| Your instructions |
Everything in the records except the pictures should come back exactly as written.

☆ ☆ ☆ ☆ ☆ ☆ ☆

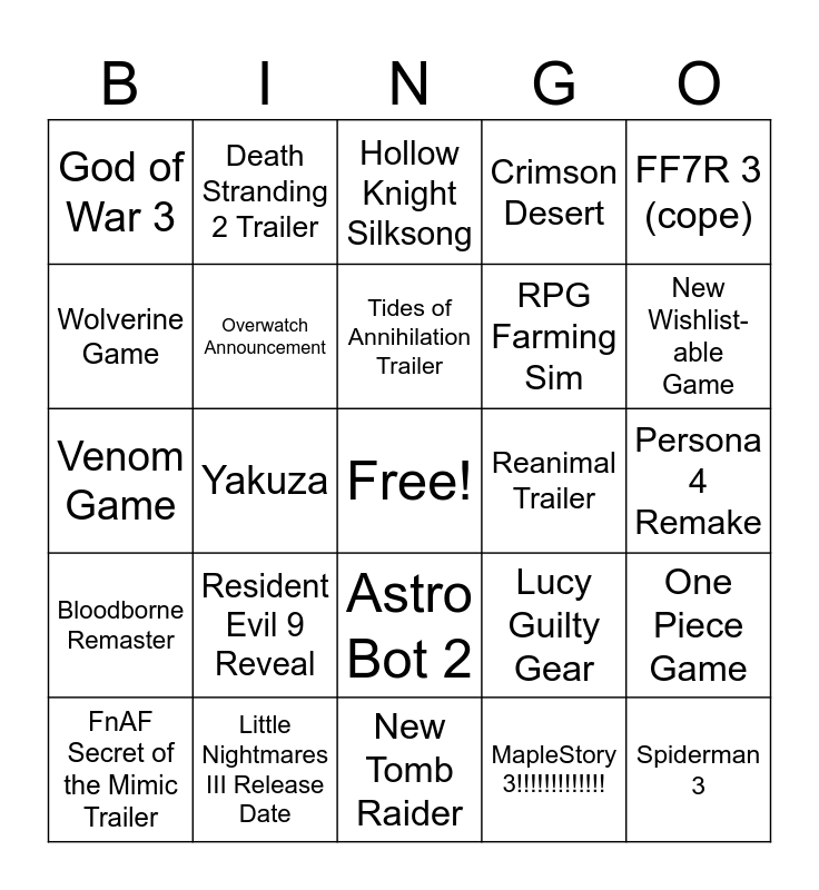 This bingo card has a free space and 24 words: Resident Evil 9 Reveal, Little Nightmares III Release Date, Tides of Annihilation Trailer, FnAF Secret of the Mimic Trailer, FF7R 3 (cope), God of War 3, Wolverine Game, Death Stranding 2 Trailer, Reanimal Trailer, Astro Bot 2, RPG Farming Sim, Venom Game, Lucy Guilty Gear, One Piece Game, Overwatch Announcement, MapleStory 3!!!!!!!!!!!!!, Persona 4 Remake, Hollow Knight Silksong, New Wishlist-able Game, Yakuza, Spiderman 3, Bloodborne Remaster, Crimson Desert and New Tomb Raider.
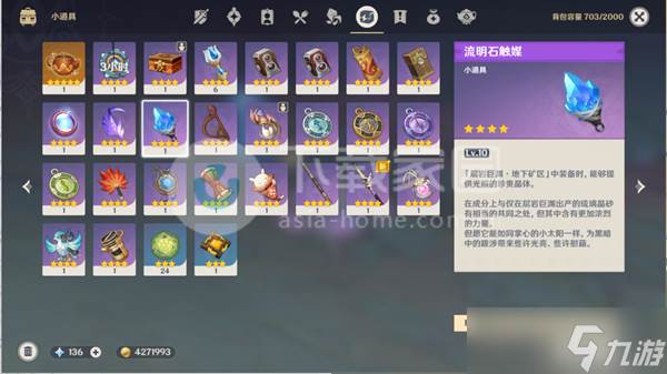 2、打开背包,装备上流明石触媒。
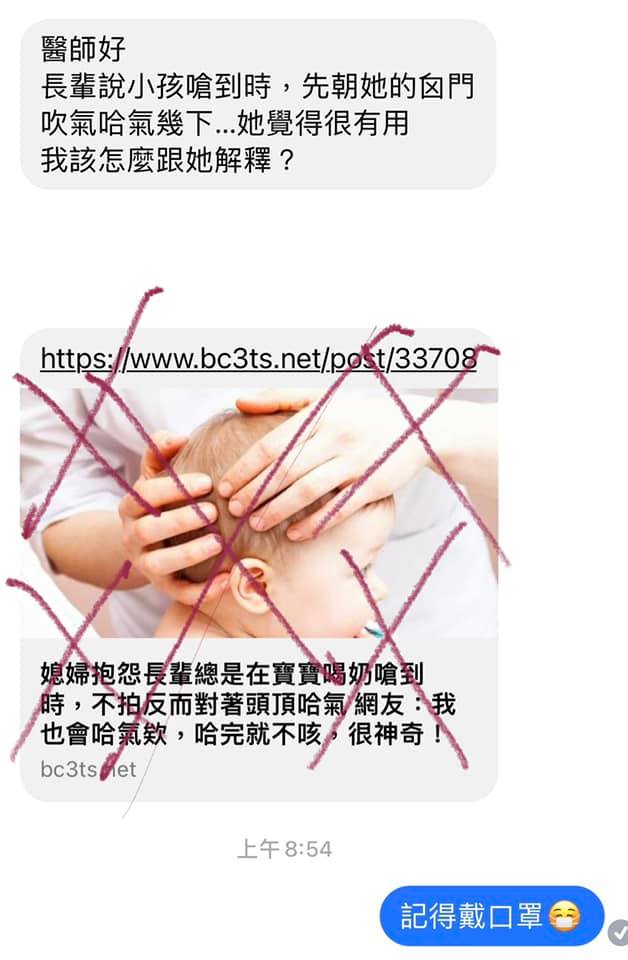 長輩說小孩嗆到時,先朝她的囟門吹氣哈氣幾下…
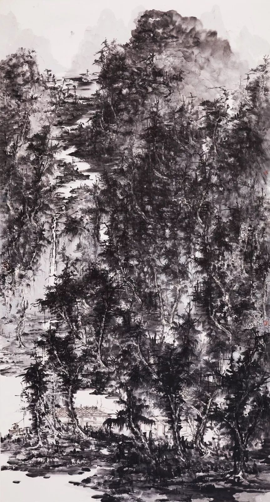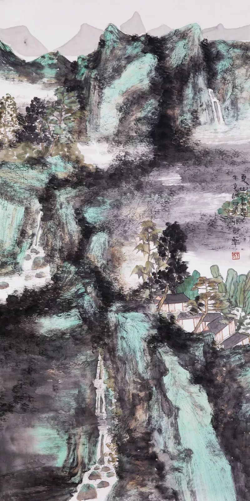 璧山烟云 纸本设色 168cm*55cm 牛朝
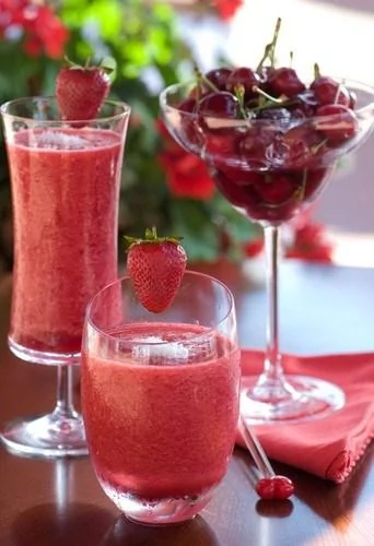 ШАГ 1 В блендере смешайте половину вишни, клубники и сока. Взбейте до состояния пюре и перелейте в бокалы.

☆ ☆ ☆ ☆ ☆ ☆ ☆

| Solution to the problem |
 This bingo card has a free space and 24 words: Resident Evil 9 Reveal, Little Nightmares III Release Date, Tides of Annihilation Trailer, FnAF Secret of the Mimic Trailer, FF7R 3 (cope), God of War 3, Wolverine Game, Death Stranding 2 Trailer, Reanimal Trailer, Astro Bot 2, RPG Farming Sim, Venom Game, Lucy Guilty Gear, One Piece Game, Overwatch Announcement, MapleStory 3!!!!!!!!!!!!!, Persona 4 Remake, Hollow Knight Silksong, New Wishlist-able Game, Yakuza, Spiderman 3, Bloodborne Remaster, Crimson Desert and New Tomb Raider.
 2、打开背包,装备上流明石触媒。
 長輩說小孩嗆到時,先朝她的囟門吹氣哈氣幾下…
 璧山烟云 纸本设色 168cm*55cm 牛朝
 ШАГ 1 В блендере смешайте половину вишни, клубники и сока. Взбейте до состояния пюре и перелейте в бокалы.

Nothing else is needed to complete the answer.